* **WORK TO BE COMPLETED**:
From the listing below, reproduce word for word the part that opens with the line containing "千千静听 V5.0.2 老版(千千静听 V5.0.2 老版功能简介)" and closes with the line containing "事后,李女士特意打電話對劉治"; reproduce nothing else.

* **RECORDS SHOWN**:
★ ★ ★ ★ ★
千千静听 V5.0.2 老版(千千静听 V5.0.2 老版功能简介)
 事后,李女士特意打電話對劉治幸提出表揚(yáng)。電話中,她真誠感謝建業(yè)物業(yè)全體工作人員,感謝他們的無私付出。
★ ★ ★ ★ ★
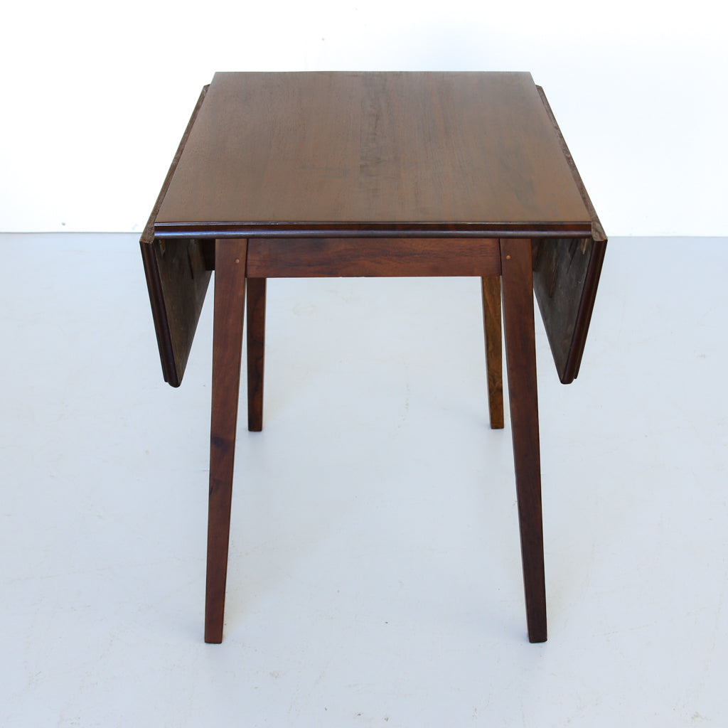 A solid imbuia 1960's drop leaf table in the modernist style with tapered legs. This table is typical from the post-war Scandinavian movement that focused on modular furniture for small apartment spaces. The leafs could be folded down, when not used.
★ ★ ★ ★ ★
* **ANSWER SECTION**:
千千静听 V5.0.2 老版(千千静听 V5.0.2 老版功能简介)
 事后,李女士特意打電話對劉治幸提出表揚(yáng)。電話中,她真誠感謝建業(yè)物業(yè)全體工作人員,感謝他們的無私付出。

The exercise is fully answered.